How Colorado effects pedal maker Mantic Conceptual is already getting national attention

Ian Gassman
When Luis Etscheid and Caleb Henning launched their boutique effects-pedal company, Mantic Conceptual, in spring 2013, they had a great deal more curiosity than experience. Fortunately, the Denver-based musicians are pretty good at experimentation, and in their first year, they found an impressive list of clients. Etscheid sent Adrian Belew, formerly of King Crimson and Nine Inch Nails, the Master Flex synth-fuzz pedal, and Belew started using it at shows. Ikey Owens of Jack White's touring band had Mantic build him a custom delay called the Isaiah. And Ed Rodriguez of Deerhoof used the Proverb reverb pedal during his last tour.

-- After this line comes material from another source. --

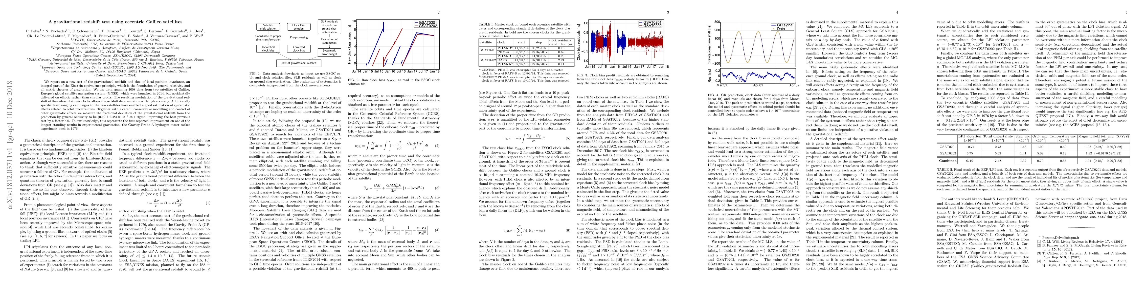 We report on a new test of the gravitational redshift and thus of local position invariance, an integral part of the Einstein equivalence principle, which is the foundation of general relativity and all metric theories of gravitation. We use data spanning 1008 days from two satellites of Galileo, Europe's global satellite navigation system (GNSS), which were launched in 2014, but accidentally delivered on elliptic rather than circular orbits. The resulting modulation of the gravitational redshift of the onboard atomic clocks allows the redshift determination with high accuracy. Additionally specific laser ranging campaigns to the two satellites have enabled a good estimation of systematic effects related to orbit uncertainties. Together with a careful conservative modelling and control of other systematic effects we measure the fractional deviation of the gravitational redshift from the prediction by general relativity to be $(+0.19 \pm 2.48)\times10^{-5}$ at 1 sigma, improving the best previous test by a factor~5.6. To our knowledge, this represents the first reported improvement on one of the longest standing results in experimental gravitation, the Gravity Probe A hydrogen maser rocket experiment back in 1976.

Etscheid and Henning discovered their unique approach to manipulating sounds in their own band, Holophrase. When they started the group with Malgosia Stacha in 2007, Etscheid had never picked up a guitar. "I didn't know how to play at all," he says. "So I just started immediately plugging stuff in, trying to compensate for not being able to play properly with the use of software and, of course, effects pedals." The two began taking apart their gear, eventually learning how to create their own effects. The music they create in Holophrase is electronically driven yet expressive, partly because of Stacha's haunting vocals and partly because of all that tinkering. A few years later, the two decided to start making their own equipment, and effects pedals were the logical option.

"Luis got me Nicolas Collins's Handmade Electronic Music book," Henning says. "After that and all those projects, we just went through and made a few fuzz pedals."
At the time, Etscheid and Henning were trying to scrape by with their music, and a somewhat amateur effects-pedal company held little promise of security. Still, Etscheid remembers, they wanted to keep making pedals.

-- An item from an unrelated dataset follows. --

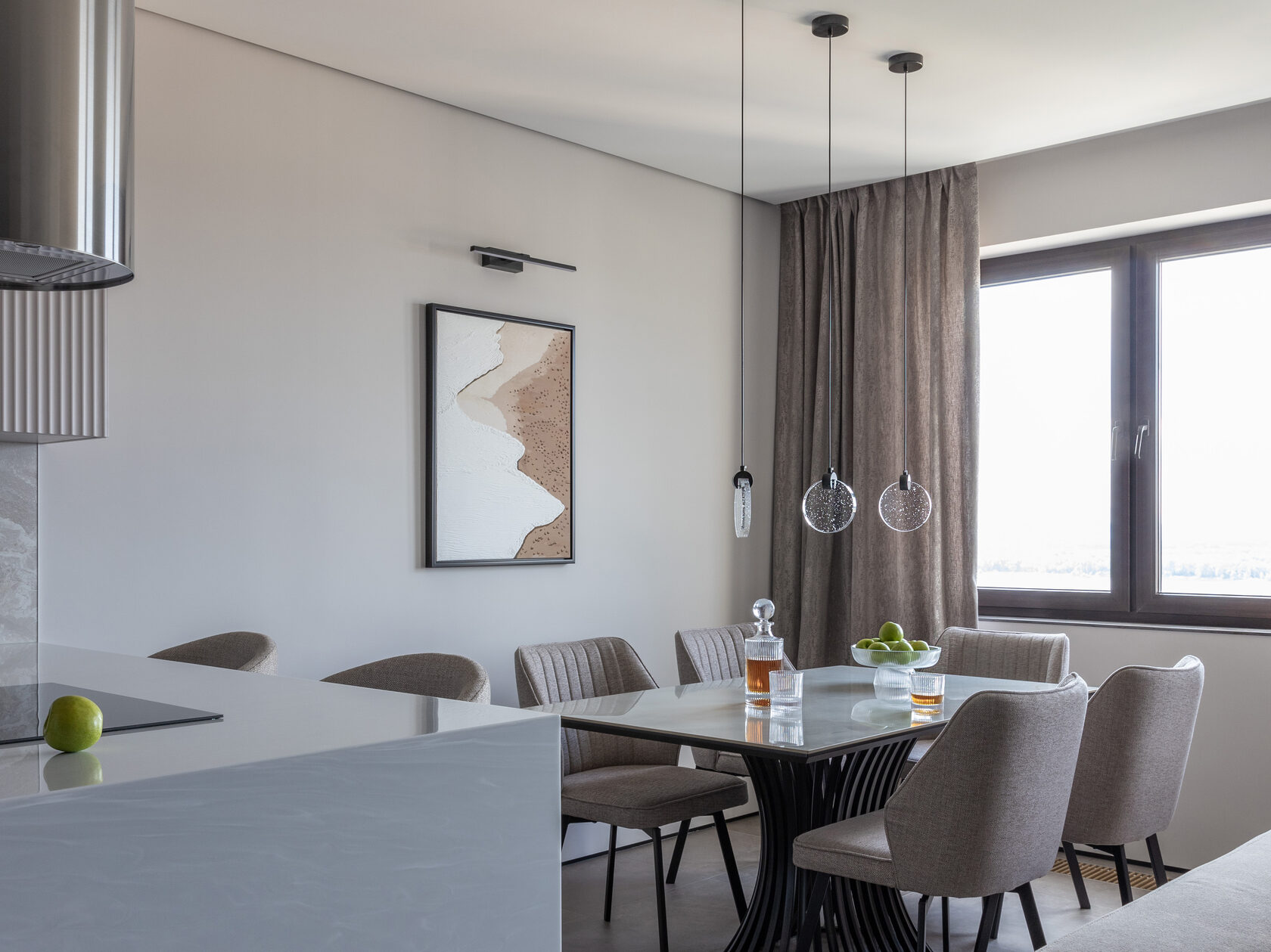 Квартира разделена на 3 функциональные зоны. Первая – это просторная кухня-гостиная с видом на Волгу, входная зона с гардеробными, постирочной и гостевым сан-узлом.

"It seemed like when the idea hit me, it was something that we could do, because we're passionate about it," Etscheid says. "We were already knowledgeable, we had a little bit of experience, we had good ideas and we're hard workers. It's all I really had left to believe in at the time. And the planets kind of aligned for us."

Under the Mantic Conceptual name, Etscheid and Henning began working on their first pedal: an updated and modified take on DOD Electronics' rare subharmonic bass-booster pedal originally called Meat Box. They decided to christen their pedal Density Hulk. After plenty of positive feedback, they organized an Indiegogo campaign and raised more than $4,000 to make enough pedals to build up an inventory and start their business.